Perhaps I have not been quite accurate in my introduction. When I said it as one the houses in the street that was unusual in that it didn't have a blue plaque. Well that's not strictly true. It had one for one day when the pressure group Led by Donkeys erected it. This unassuming house has been the target of protests and vandalism both political and enviromental pressure groups on numerous occasions.
Why? Because quite frankly it's full of cunts.
It may not have a blue plaque but what is does have is a hand in the corridors of power, and occupants with a covert agenda that their former neighbour Eleanor Rathbone would certainly not approve of. Behind its modest exterior lies a network of think tanks, lobbying groups and financial backers.
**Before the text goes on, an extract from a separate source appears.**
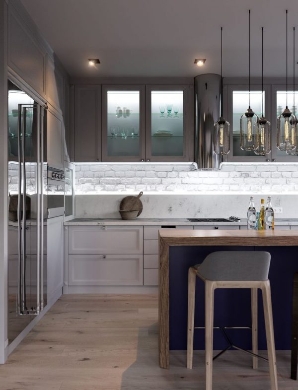 Акцентирующие нотки: открытое пространство без привычных межкомнатных перегородок, дизайнерские люстры, утонченные светильники и панорамные окна. Во всех помещениях установлена мебель, на кухне – кухонный гарнитур с обеденным столом, в гостиной смонтирован плазменный телевизор, а в санузле размещена респектабельная сантехника (многофункциональная душевая кабина, унитаз, биде, умывальник).

Thanks to their tangled links to the establishment they have with a remarkable ability to shape policy, sway public opinion, and exert control over elected officials. From its interference in the Brexit debate to its role in the political rise of Liz Truss, 55 Tufton Street has become a central hub in the ideological battles that have defined modern British politics.
Pressure Group 'Led by Donkeys' celebrating Tufton Street's role in Lizz Truss crashing the economy.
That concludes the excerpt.